3. Berpikir Proporsional – Jika seseorang melakukan kesalahan, apakah sanksi yang diberikan pantas? Cobalah melihat perspektif kedua belah pihak.

4. Gunakan Empati – Ketika orang menolak pandangan yang berbeda, cobalah untuk mendengarkan tanpa menghakimi. Ini membantu membangun dialog, bukan konfrontasi.

5. Berperan Aktif di Platform – Gunakan fitur "report" dan "block" dengan bijak. Kalau menemukan konten palsu atau hoaks, laporkan secara formal.

Contoh Kasus Cancel Culture di Indonesia

1. Kasus Selebriti B – Selebriti ini sering melakukan komentar yang dianggap homofobik. Komunitas LGBTQ+ menggunakan hashtag #BukanSampaiBebas, lalu selebriti itu terpaksa mengundurkan diri dari beberapa endorsement.

2. Kasus Politikus A – Seorang politisi membuat tweet yang menyalahkan kelompok minoritas. Dalam waktu 2 jam, tweet itu menjadi viral, menuntut pengunduran diri, dan akhirnya ia harus menarik diri.

3. Kasus Influencer C – Influencer ini memposting video "challenge" yang mengandung unsur kekerasan. Banyak pengikutnya mengkritik, akhirnya ia memutuskan untuk menyatakan maaf dan memamerkan langkah-langkah pembelajaran.

Kesimpulan: Cancel Culture Itu Lebih Kompleks Dari Yang Terlihat

Cancel culture adalah cerminan perubahan sosial, di mana media sosial menjadi panggung bagi keadilan dan kontroversi. Di satu sisi, ia membantu mengangkat suara minoritas dan menuntut tanggung jawab. Di sisi lain, ia kadang menekan orang tanpa proses hukum yang jelas. Jadi, bagi kita generasi muda, penting untuk menjadi kritis, empati, dan bijak dalam menggunakan platform digital. Karena di akhir cerita, "cancel" bukan tentang menghukum, tapi tentang menemukan cara untuk membuat perbedaan yang lebih baik.

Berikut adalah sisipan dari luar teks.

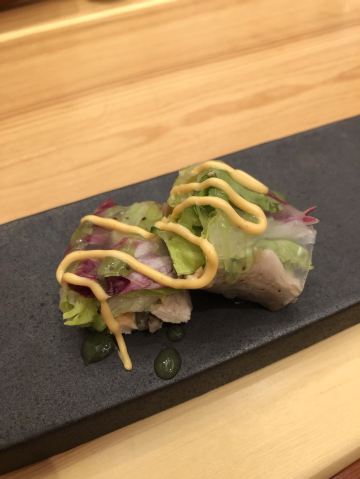 入住酒店,偶尔间发现的店:竹善日本料理。 没有想到阿纳迪酒店的二楼里竟有一家日料店! 店内日式装修,原木色系,清新素雅,榻榻米很舒服, 店员服务周到贴心,主动问候,添水及时,提供热毛巾! 坐在吧台就餐可以看到大厨出神入化的的操作! 竹善日本料理的资深大厨刘恩成,获奖无数! 特别限定的料理,单人餐,168的性价比真心超高! 蔬菜春卷,摆盘精美,艺术感强,酱汁酸甜开胃! 松茸海鲜汤,鲜美无比,甜虾刺身拼盘新鲜肥美,三文鱼厚切。 海老天妇罗,控油非常好,天妇罗薄衣很脆,鳗鱼柳川锅,鳗鱼吸收浓郁的汤汁,入味。 竹善创意寿司拼盘,米用的很好;自制的提拉米苏很好吃!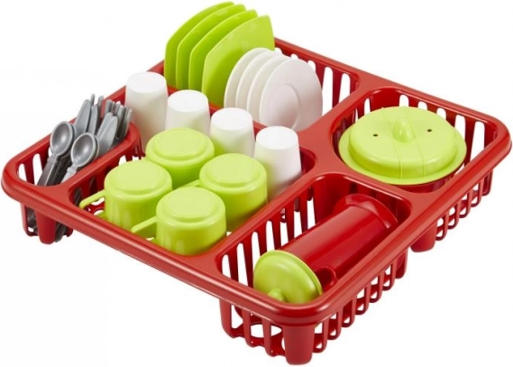 Ta velik komplet posode z odcejevalnikom je idealen za prve kuhinjske igre. Vključuje pestro izbiro dodatkov – od lončkov in krožnikov do lonca in čajnika s pokrovko. Trden odcejevalnik z merami 29,5 × 10 × 29,2 cm ohranja vse pregledno na svojem mestu in spodbuja navade reda.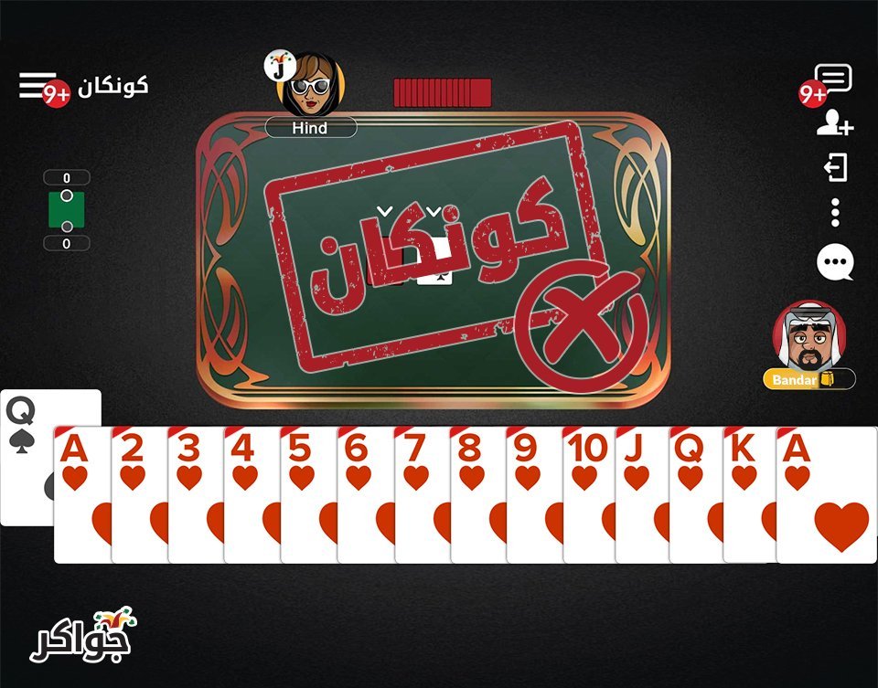 - في حال تم تجميع جميع الأوراق من نفس النوع في الوضع المتسلسل كما في الصورة أدناه فلا تظهر شارة الكونكان والسبب هو عدم تفريق العشرة أوراق عن البير الرباعي.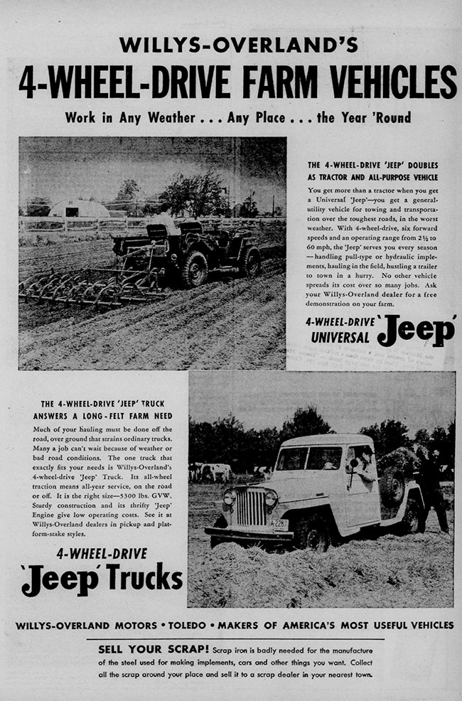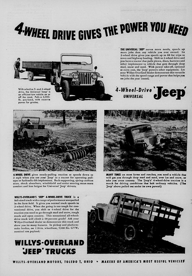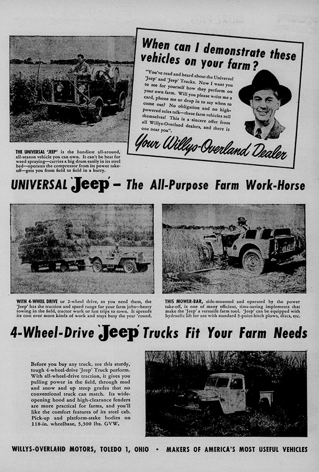 In 1949, Willys-Overland halved the number of ads in the Montana Farmer-Stockman from 1948’s eight ads to only four. This may underscore the financial issues Willys-Overland was facing.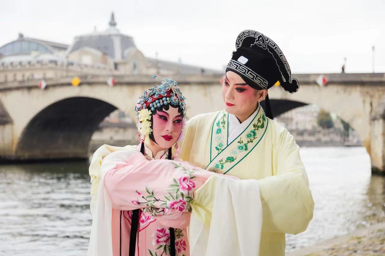 2023年9月,“文明遇·鉴:中国昆曲江苏周”在吉美国立亚洲艺术博物馆开幕。巴黎的观众正经历着一种前所未见的奇妙观感:塞纳河水流寂静,中国女旦粉妆玉琢,舞着水袖翩翩走过;埃菲尔铁塔下小径,文生公子气度不凡,与爱侣牵手的模样令人艳羡……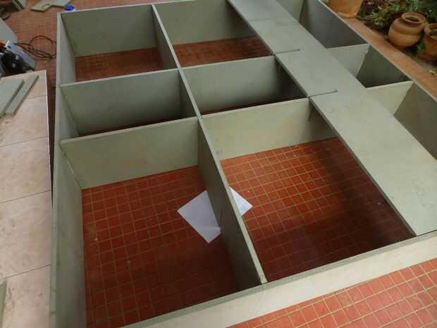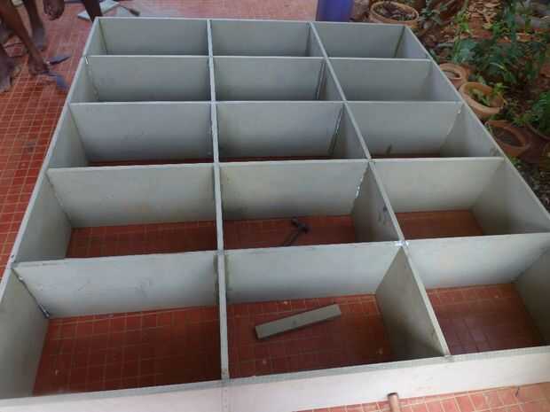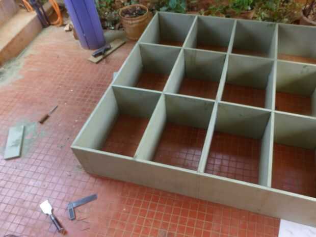 • Ajustar el alineamiento con la escuadra de carpintero y fijar todas las tarjetas en la caja externa con clavos y adhesivo de resina sintética.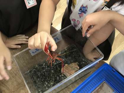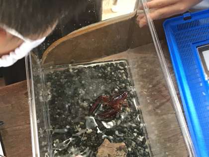 ザリガニが教室にやってきました。うれしくて大さわぎです。「初めてさわったよ」「手をはさまれた」「名前を決めよう」飼育の方法や注意を調べて、育てていきます。命の大切さを学んでほしいと思っています。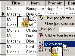 Oui : Essayez ! La marche à suivre est toujours la même : Vous cliquez avec le bouton droit de la souris sur n'importe quel enregistrement de n'importe quelle colonne, et vous choisissez "Ordre croissant" ... ou "Ordre décroissant"... Si vous triez par les salaires du plus pauvre au plus richie, demandez un tri décroissant de la colonne des salaires...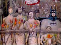 یکی از نقاشیهای حاجی زاده بتمن (مرد خفاشی ) را در کنار یک دسته سینه زنی نشون میده. در باره این نقاشی، حاجی زاده توضیح میده که: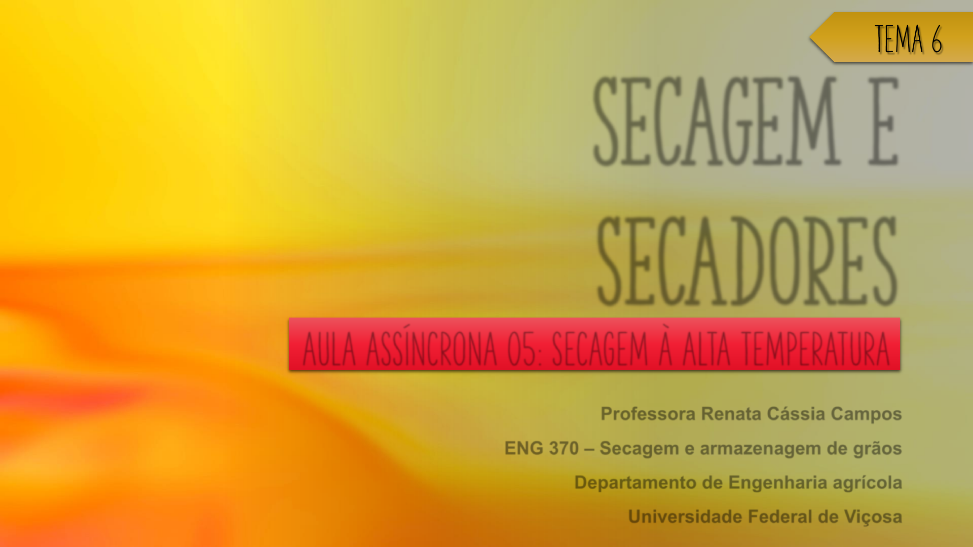 <p>Professora Renata Cássia Campos</p><p>ENG 370 – Secagem e armazenagem de grãos</p><p>Departamento de Engenharia agrícola</p><p>Universidade Federal de Viçosa</p><p>TEMA 6</p><p>Secagem e</p><p>secadores</p><p>AULA ASSÍNCRONA 05: SECAGEM À ALTA TEMPERATURA</p><p>SECAGEM À ALTA TEMPERATURA</p><p>CARACTERÍSTICAS</p><p>▪ Utiliza de ar aquecido a mais de 10 °C acima da temperatura ambiente;</p><p>▪ Utiliza de secadores para o processo.</p><p>❑ QUANTO AOS</p><p>FLUXOS:</p><p>• Camada fixa</p><p>• Cruzados</p><p>• Concorrentes</p><p>• Contra-correntes</p><p>• Mistos</p><p>❑ QUANTO A</p><p>OPERAÇÃO</p><p>• Intermitentes</p><p>• Contínuos</p><p>C</p><p>la</p><p>s</p><p>s</p><p>if</p><p>ic</p><p>a</p><p>ç</p><p>õ</p><p>e</p><p>s</p><p>SECAGEM ARTIFICIAL</p><p>Classificação dos secadores</p><p>• Os secadores agrícolas encontrados no mercado são dos mais variados tipos e sistemas</p><p>de funcionamento. São projetados e construídos para atenderem necessidades das mais</p><p>variadas como pequenos, médios e grandes produtores, para os mais variados tipos de</p><p>produtos.</p><p>• Para atender as mais variadas necessidades, existem secadores de inúmeras formas</p><p>construtivas e operacionais, e podem ser classificados quanto as suas principais</p><p>características, sob vários aspectos:</p><p>o Tipo de fabricação;</p><p>o Sistema de carga;</p><p>o Ventilação;</p><p>o Fluxo de ar;</p><p>o Torre de secagem;</p><p>o Sistema de descarga;</p><p>o Tipo de combustível;</p><p>o Ar da fornalha;</p><p>o Grau de automatização</p><p>SECAGEM ARTIFICIAL</p><p>Classificação dos secadores – Estrutura</p><p>▪ TIPO DE FABRICAÇÃO:</p><p>o Móveis</p><p>o Fixos</p><p>o Silo secador</p><p>o Torre</p><p>▪ SISTEMA DE CARGA:</p><p>o Intermitentes</p><p>o Contínuos</p><p>▪ FLUXO DE AR</p><p>o Concorrente</p><p>o Contracorrente</p><p>o Cruzado</p><p>o Misto</p><p>▪ TORRE DE SECAGEM</p><p>o Calhas paralelas</p><p>o Calhas cruzadas</p><p>o De colunas</p><p>o Câmara de descanso</p><p>▪ SISTEMA DE DESCARGA</p><p>o Descarga de bandeja mecânica</p><p>o Descarga pneumática</p><p>o Descarga de eclusas rotativas</p><p>▪ COMBUSTÍVEL</p><p>o Líquido</p><p>o Sólido</p><p>o Gasoso</p><p>▪ AR DE FORNALHA</p><p>o Direto</p><p>o Indireto</p><p>▪ GRAU DE AUTOMATIZAÇÃO</p><p>o Secagem de controle manual</p><p>o Secagem automatizada</p><p>▪ VENTILAÇÃO:</p><p>o Insuflação de ar</p><p>o Aspiração de ar</p><p>SECAGEM ARTIFICIAL</p><p>Classificação dos secadores – fluxo de ar e grãos</p><p>Legenda</p><p>AS - Fluxo de ar de secagem</p><p>G - Fluxo de grãos</p><p>AE - Fluxo de ar de exaustão</p><p>AS</p><p>G</p><p>AE</p><p>AS AE</p><p>G</p><p>AS</p><p>G</p><p>AE</p><p>Fluxos cruzados Fluxos concorrentes Fluxos contracorrentes</p><p>AS</p><p>AE</p><p>G</p><p>Leito fixo Fluxos mistos</p><p>G</p><p>AS</p><p>AE</p><p>AE</p><p>SECADORES</p><p>SECADOR DE LEITO FIXO</p><p>SECADORES</p><p>SECADOR DE LEITO FIXO</p><p>São construídos de quatro elementos principais:</p><p>▪ Sistema de aquecimento de ar;</p><p>▪ Ventilador;</p><p>▪ Câmara de distribuição de ar ou “plenum”</p><p>▪ Câmara de secagem</p><p>• Para a maioria dos casos, são projetados para secagem de um lote por dia;</p><p>• Após a secagem o produto é resfriado no próprio secador, interrompendo-se o fornecimento</p><p>de energia dos sistema de aquecimento e deixando o ventilador ligado.</p><p>• Utilizados para secagem de milho em espiga, café, raspa de mandioca, feijão em rama,</p><p>arroz, entre outros.</p><p>• Variáveis do sistema:</p><p>▪ Espessura da camada: recomenda-se de 0,4 a 0,6m;</p><p>▪ Teor de água inicial (ideal para produtos com alto teor de água);</p><p>▪ Fluxo de ar: varia de 0,12 a 0,25 m³ / s.m²;</p><p>▪ Temperatura do ar: em torno de 40 a 55 °C; e</p><p>▪ Tempo de secagem</p><p>SECADORES</p><p>SECADOR DE LEITO FIXO - características</p><p>SECADORES</p><p>SECADOR DE LEITO FIXO - características</p><p>SECADORES</p><p>SECADOR DE LEITO FIXO – configurações</p><p>SECADORES</p><p>SECADOR DE LEITO FIXO – configurações</p><p>SECADORES</p><p>SECADOR DE LEITO FIXO – configurações</p><p>ar de</p><p>exaustão</p><p>Aquecedor</p><p>ar de</p><p>secagem</p><p>ar de</p><p>exaustão</p><p>Cabo</p><p>Válvula</p><p>de fluxo</p><p>Modelo empregado principalmente em Unidades de</p><p>beneficiamento de Sementes (UBS)</p><p>SECADORES</p><p>SECADOR DE LEITO FIXO com sistema de revolvimento</p><p>configurações</p><p>Silo secador</p><p>Pré-limpeza</p><p>Queimador</p><p>GLP</p><p>Silo armazenador</p><p>SECADORES</p><p>SECADOR DE LEITO FIXO com sistema de revolvimento</p><p>configurações</p><p>SECADORES</p><p>SECADOR DE LEITO FIXO – secagem de milho em espiga e sementes</p><p>configurações</p><p>CS1 - câmara de secagem 1</p><p>CS2 - câmara de secagem 2</p><p>DS - duto superior</p><p>DI - duto inferior</p><p>- ar de secagem</p><p>- ar de exaustão</p><p>- ar reaproveitado</p><p>1 - descarga de produto</p><p>2 - registro de ar aberto</p><p>3 - registro de ar fechado</p><p>4 - carga de produto</p><p>CS2CS1</p><p>DI</p><p>DI</p><p>1</p><p>2 3</p><p>4</p><p>SECADORES</p><p>SECADOR DE FLUXO CRUZADO</p><p>Nos secadores de fluxos cruzados, o ar atravessa a massa de</p><p>grãos perpendicularmente (90°) à direção de movimento dos grãos.</p><p>SECADORES</p><p>SECADOR DE FLUXO CRUZADO</p><p>Legenda</p><p>AS - Fluxo de ar de secagem</p><p>G - Fluxo de grãos</p><p>AE - Fluxo de ar de exaustão</p><p>AS</p><p>G</p><p>AE</p><p>AS AE</p><p>G</p><p>AS</p><p>G</p><p>AE</p><p>Fluxos cruzados Fluxos concorrentes Fluxos contracorrentes</p><p>AS</p><p>AE</p><p>G</p><p>Leito fixo Fluxos mistos</p><p>G</p><p>AS</p><p>AE</p><p>AE</p><p>• Nesse tipo de secador a camada de grãos geralmente está entre 0,15 m e 0,45</p><p>m;</p><p>• As temperaturas de secagem adotadas nesse tipo de secador variam desde 60</p><p>°C até 110 °C, dependendo do tip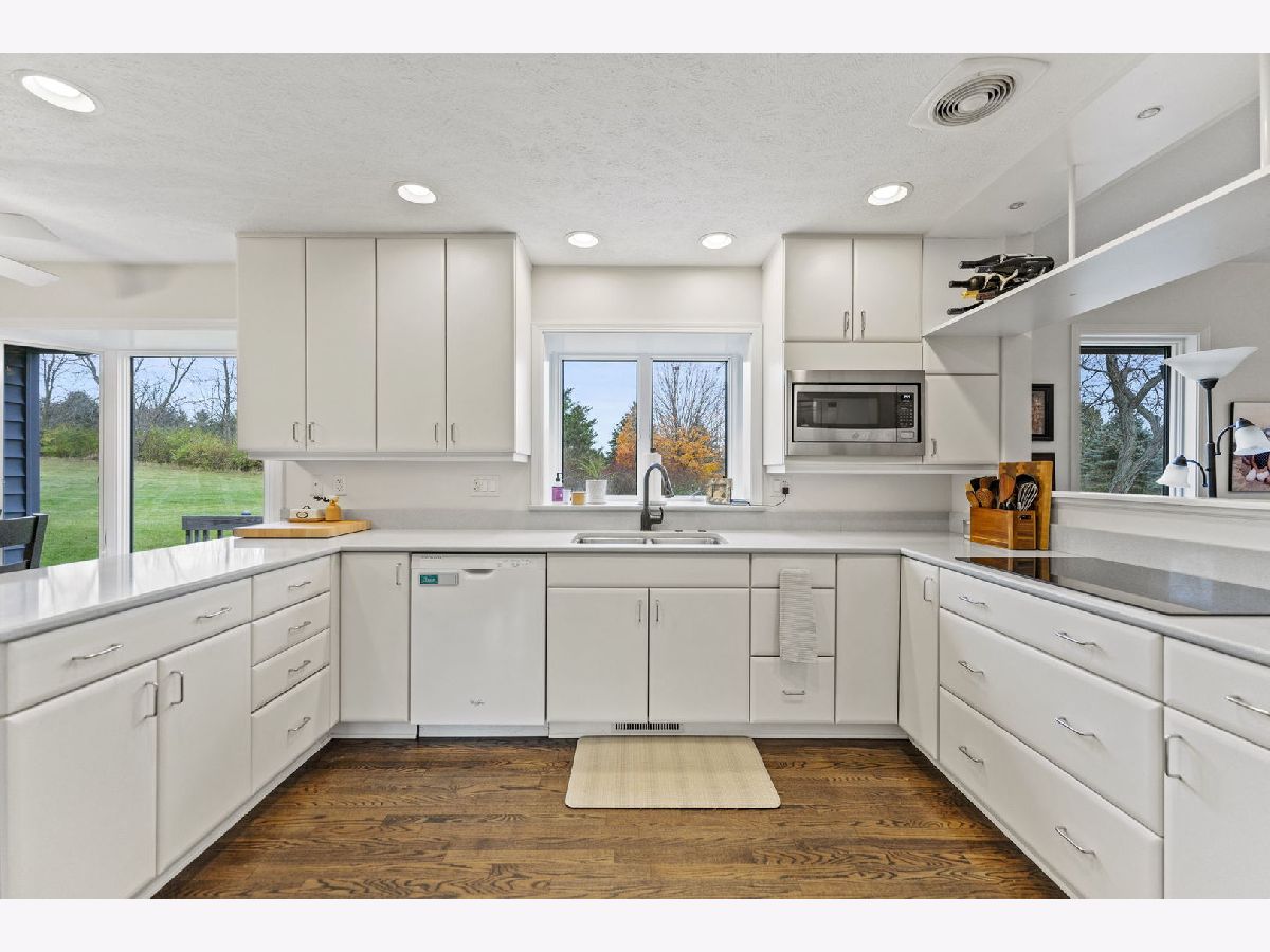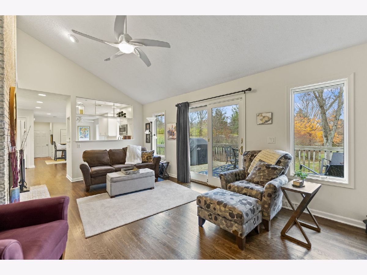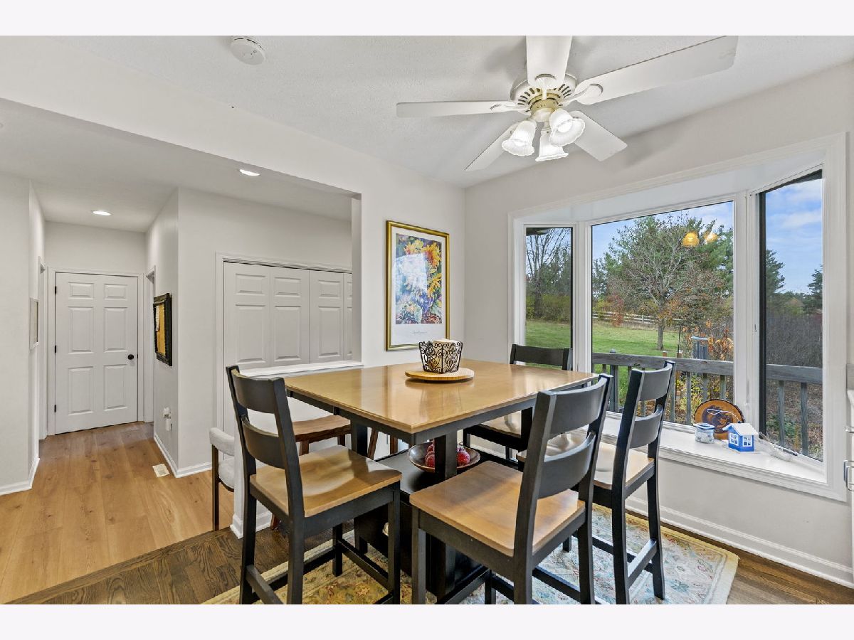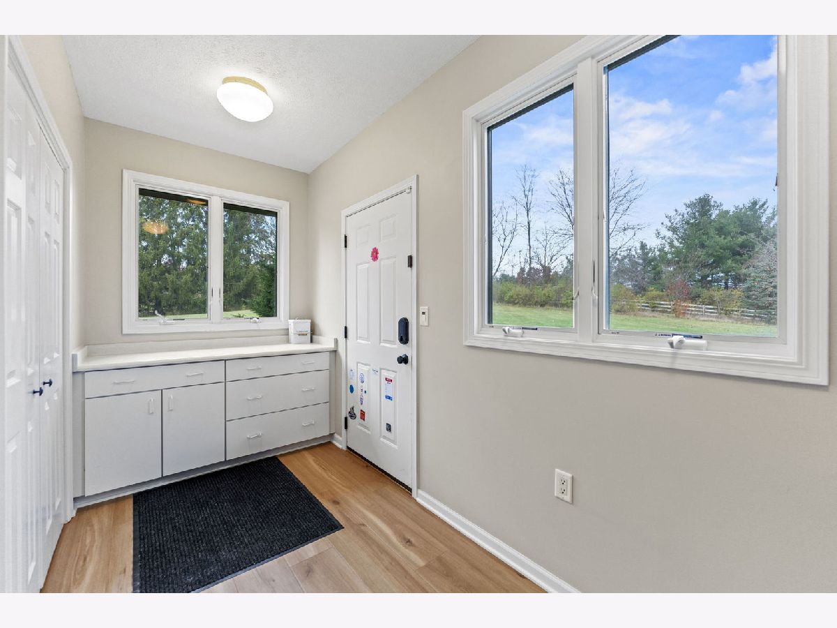 Beautiful, sprawling ranch home set on 5 peaceful acres zoned Agricultural, featuring full walkout exposure! With over 4,000 sq ft of living space across two levels, this home offers abundant room to spread out and enjoy comfortable country living. The inviting Family Room includes a brick fireplace, is open to the Kitchen, and features sliding doors leading to a large deck-perfect for entertaining or taking in the serene views. A spacious first-floor Laundry Room offers exceptional convenience with abundant cabinetry and an exterior door for easy access. The light-filled Kitchen shines with crushed quartz countertops, double ovens, a cooktop, and a generous dinette area overlooking the picturesque yard. Adjacent to the kitchen, the sunken Living Room and Formal Dining Room are lined with large windows that flood the space with natural light. The walkout lower level provides incredible additional living space, including a large family room, kitchenette area, and a second family room currently used as a home office, theater room, or potential 4th bedroom (note the Murphy bed). A full bathroom completes the lower level. The full walkout lower level leads directly to a patio and firepit-ideal for outdoor relaxation and gatherings. A rare blend of acreage, privacy, and spacious living, this property is ready to welcome you home. Located in Belvidere North School District with easy access to main roads, Rockford, and I-90. Plenty of Room for a second garage.

Ingat, kalau kamu merasa tertekan, ada cara lain untuk berdampak positif selain hanya menekan tombol "ban". Jadi, tetap jernih, tetap kritis, dan tetap bersinergi. Karena akhirnya, budaya cancel itu hanya sebatas "sosial media", sementara kebahagiaan sejati datang dari kerja keras, empati, dan integritas pribadi. Cheers!